Data records:
* * *

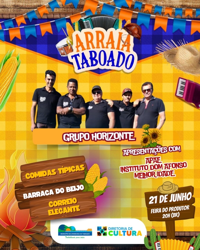 Aparecida do Taboado (MS) – Acontecerá nesta sexta-feira (21) a partir das 20h, o “Arraiá Taboado” na Feira do Produtor.
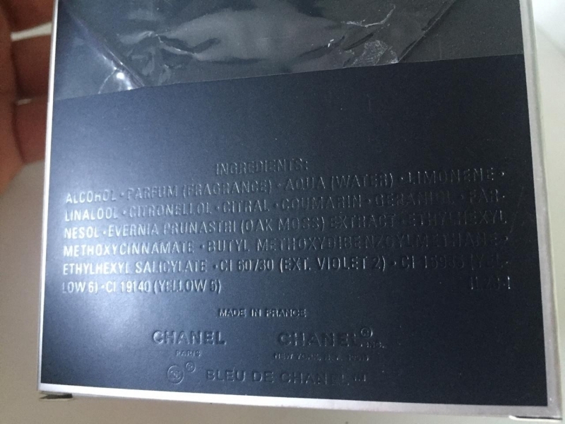 Bleu de Chanel Chanel — это аромат для мужчин, он принадлежит к группе древесные фужерные. Bleu de Chanel выпущен в 2010 году. Парфюмер: Jacques Polge. Верхние ноты: Грейпфрут, Лимон, Мята и Розовый перец; средние ноты: Имбирь, Мускатный орех, Жасмин и Iso E Super; базовые ноты: Ладан, Ветивер, Кедр, Сандал, Пачули, Лабданум и Белый мускус.
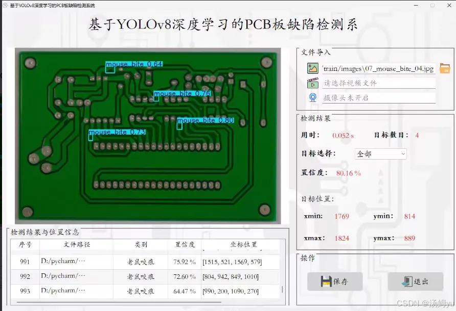 深度学习技术的突破为PCB缺陷检测提供了新思路。YOLOv8作为最新一代单阶段目标检测算法,凭借其高精度、高速度与强泛化能力,在工业缺陷检测领域展现出巨大潜力。其改进的骨干网络与特征融合机制可有效捕捉PCB图像中的微小缺陷特征,而PyQt5作为跨平台GUI开发框架,能够快速构建用户友好的操作界面,实现检测结果的可视化与交互。基于YOLOv8与PyQt5的PCB缺陷检测系统,可显著提升检测效率与准确性,降低对专业设备的依赖,为电子制造企业提供智能化、低成本的质检解决方案,推动行业向自动化、数字化方向升级。
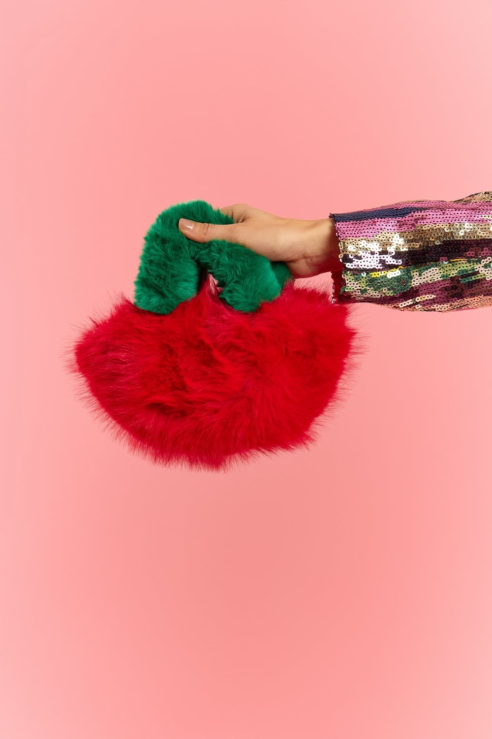 Jayley Red and Green Bamboo Faux Fur Bag
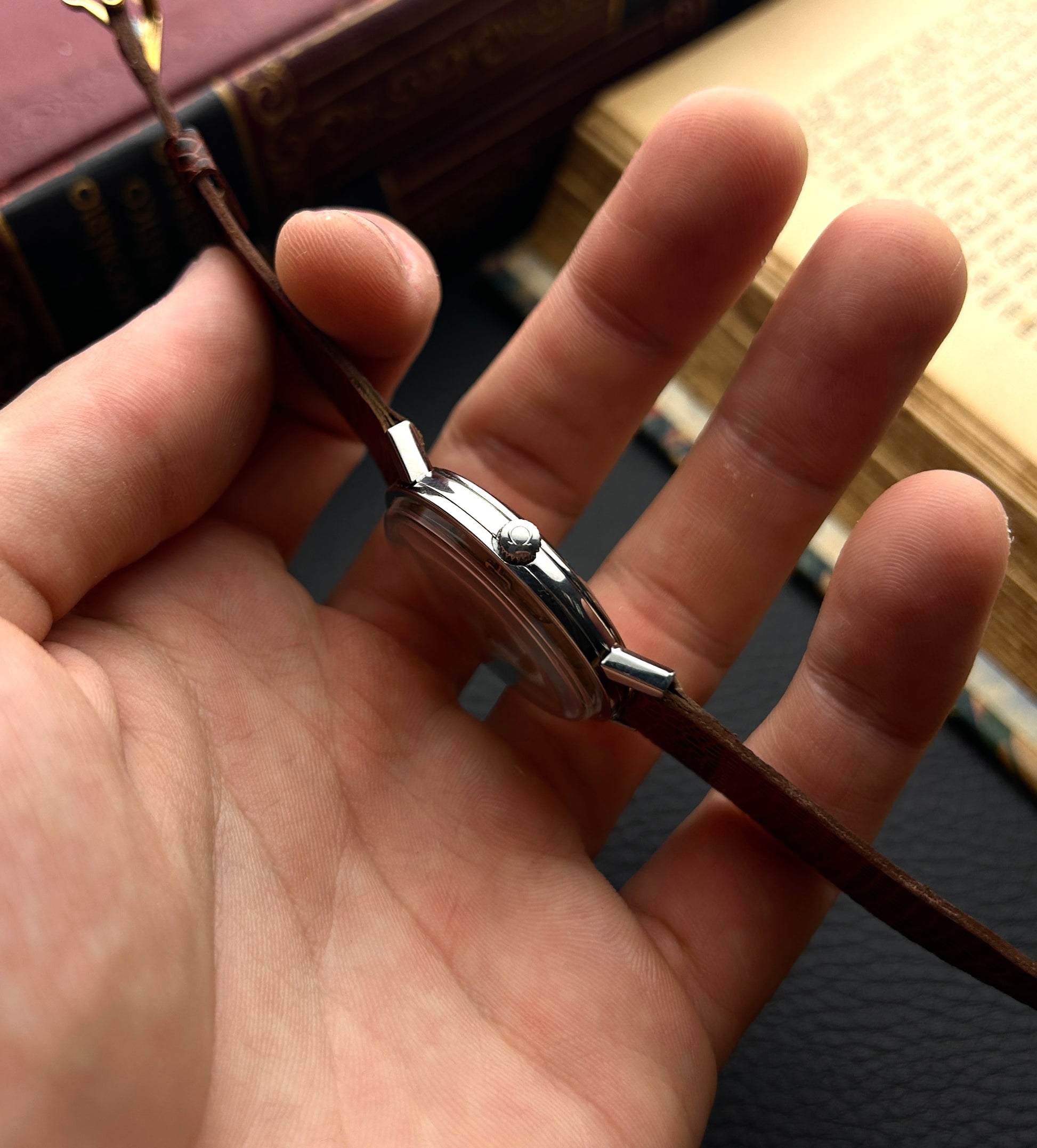 Este clássico Omega encapsula a elegância refinada da relojoaria suíça dos anos 1960. Seu mostrador champagne original, com leve pátina uniforme, confere à peça um charme autêntico e atemporal. O design fino e discreto, combinado com a pulseira marrom texturizada, faz deste relógio uma escolha perfeita para quem aprecia o estilo vintage em sua forma mais pura.
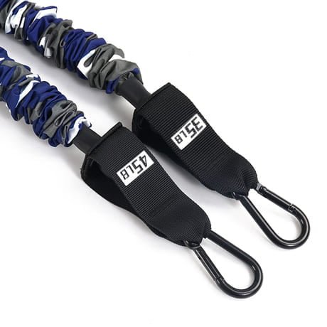 Train your strength, explosive power and strength endurance. Since our set offers 3 different resistances, you can easily adapt your resistance level to your training needs. You can adjust the resistance level by switching, adding, or removing bands. Multiple straps can be clipped into the D-rings on the handles.
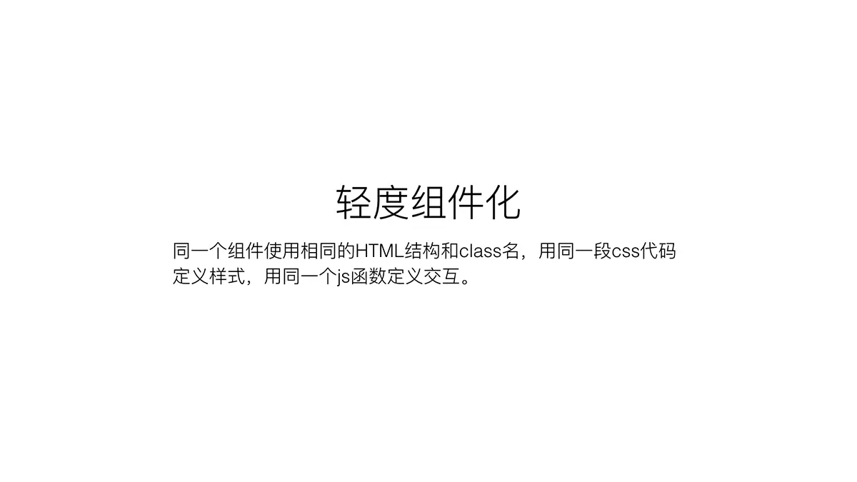 先讲讲轻度组件化。它的主要思想是使用相同的html结构和特定的class名,并且用同一段css代码定义样式,用同一个js函数来定义交互。
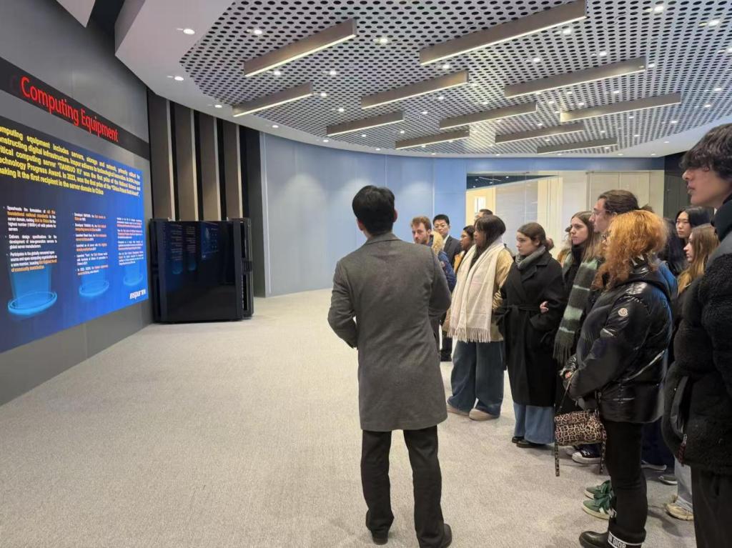 12月25日下午,山东财经大学带领参加法国高等对外贸易学院孔子学院“汉语桥”冬令营的学生们,前往济南市浪潮集团总部进行参观交流。此次活动旨在通过实地探访中国科技领军企业,增进法国青年对中国数字经济发展与企业文化的理解,进一步搭建中法青年交流的桥梁。
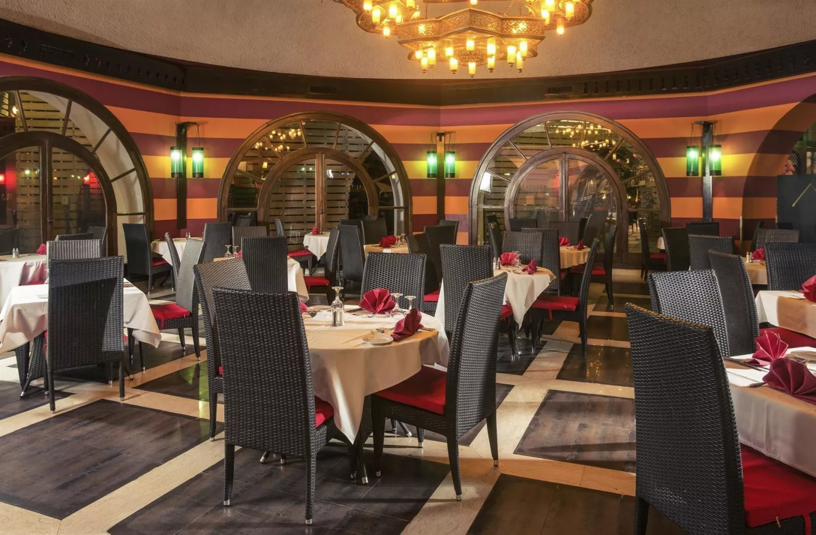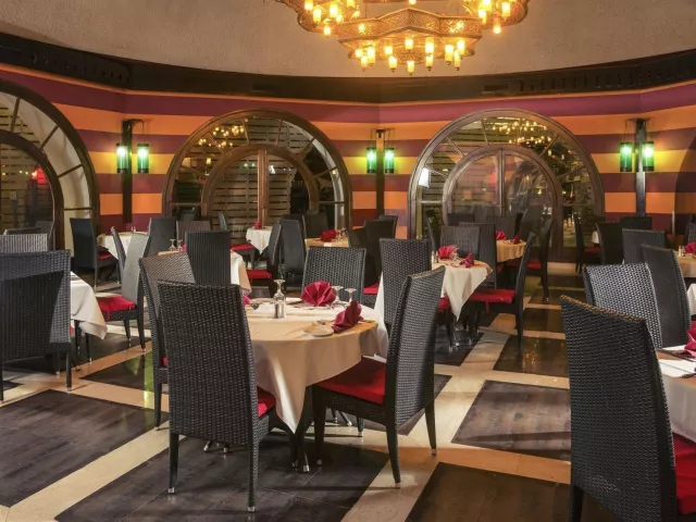 3 vonkajšie bazény (1 vyhrievaný bazén v zime) hlavná reštaurácia Dar El Andalus orientálna reštaurácia ala carte (orientálna kuchyňa) talianska reštaurácia ala carte (talianska kuchyňa) rybia reštaurácia ala carte (rybia reštaurácia, za poplatok) plážový bar 2 bary pri bazéne Ultra bar Azur bar diskotéka (platená) salónik s vodnou fajkou

* * *

§ What you are asked to do: Pictures are to be left out while the lines from the beginning of the records through the line with "Jayley Red and Green Bamboo Faux Fur Bag" are copied word for word.

§ Exercise answer:
 Aparecida do Taboado (MS) – Acontecerá nesta sexta-feira (21) a partir das 20h, o “Arraiá Taboado” na Feira do Produtor.
 Bleu de Chanel Chanel — это аромат для мужчин, он принадлежит к группе древесные фужерные. Bleu de Chanel выпущен в 2010 году. Парфюмер: Jacques Polge. Верхние ноты: Грейпфрут, Лимон, Мята и Розовый перец; средние ноты: Имбирь, Мускатный орех, Жасмин и Iso E Super; базовые ноты: Ладан, Ветивер, Кедр, Сандал, Пачули, Лабданум и Белый мускус.
 深度学习技术的突破为PCB缺陷检测提供了新思路。YOLOv8作为最新一代单阶段目标检测算法,凭借其高精度、高速度与强泛化能力,在工业缺陷检测领域展现出巨大潜力。其改进的骨干网络与特征融合机制可有效捕捉PCB图像中的微小缺陷特征,而PyQt5作为跨平台GUI开发框架,能够快速构建用户友好的操作界面,实现检测结果的可视化与交互。基于YOLOv8与PyQt5的PCB缺陷检测系统,可显著提升检测效率与准确性,降低对专业设备的依赖,为电子制造企业提供智能化、低成本的质检解决方案,推动行业向自动化、数字化方向升级。
 Jayley Red and Green Bamboo Faux Fur Bag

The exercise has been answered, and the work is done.